START PROVIDED DATA
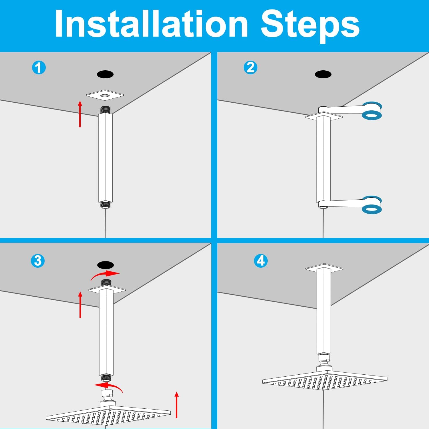 Suitable for ceiling-mount installation. Shower arm extension suitable for all 1/2″ interface kinds of rain shower head.
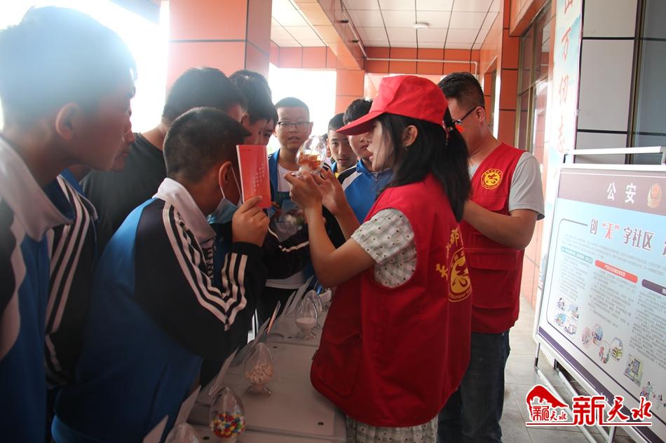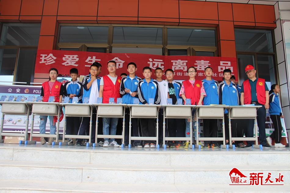 新天水讯【通讯员 吴娟】近年来,吸毒者日趋低龄化已成为整个社会广泛关注的问题。青少年正处于身心快速发展阶段,社会经验积累不多,辨别是非能力有待加强,对社会上各种花样翻新的毒品缺乏系统认识,容易沾染毒品。为了让他们认识毒品的危害,增强自我保护意识,预防毒品犯罪。8月28日下午,王家磨社区新时代文明实践站组织社区工作人员和志愿者走进天水市玉泉中学开展了以“禁毒宣传进校园,上好开学第一课”为主题的禁毒宣传活动。
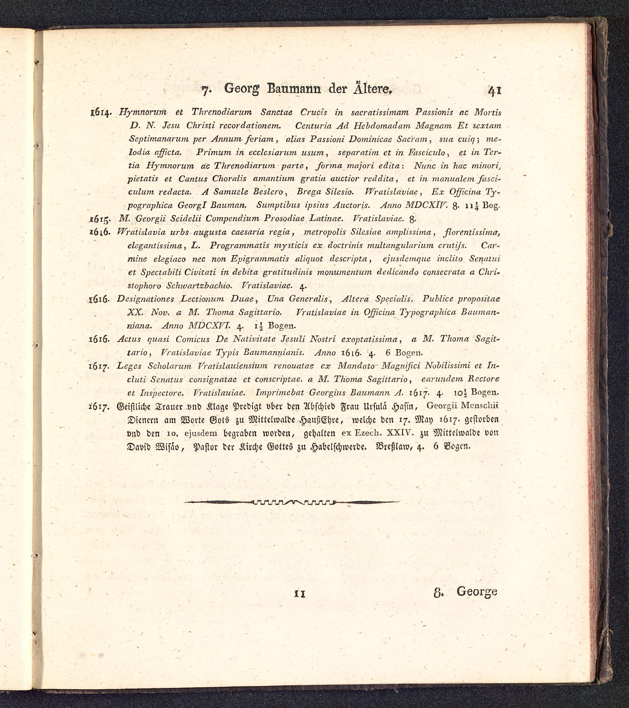 1617. Leges Scholarum T'ratislauiensium renouatae ex Mandato Magnifici Nobilissimi et In-eluti Senatus consignatae et conscripîae. a M. Thoma Sagittario , earundem Rectoreet Inspectore. Vratislauiae. Imprimebat Georgius Baumann A. 1617· 4· ιοί Bogen.
END PROVIDED DATA
Without the pictures, repeat the listing above exactly.

 Suitable for ceiling-mount installation. Shower arm extension suitable for all 1/2″ interface kinds of rain shower head.
 新天水讯【通讯员 吴娟】近年来,吸毒者日趋低龄化已成为整个社会广泛关注的问题。青少年正处于身心快速发展阶段,社会经验积累不多,辨别是非能力有待加强,对社会上各种花样翻新的毒品缺乏系统认识,容易沾染毒品。为了让他们认识毒品的危害,增强自我保护意识,预防毒品犯罪。8月28日下午,王家磨社区新时代文明实践站组织社区工作人员和志愿者走进天水市玉泉中学开展了以“禁毒宣传进校园,上好开学第一课”为主题的禁毒宣传活动。
 1617. Leges Scholarum T'ratislauiensium renouatae ex Mandato Magnifici Nobilissimi et In-eluti Senatus consignatae et conscripîae. a M. Thoma Sagittario , earundem Rectoreet Inspectore. Vratislauiae. Imprimebat Georgius Baumann A. 1617· 4· ιοί Bogen.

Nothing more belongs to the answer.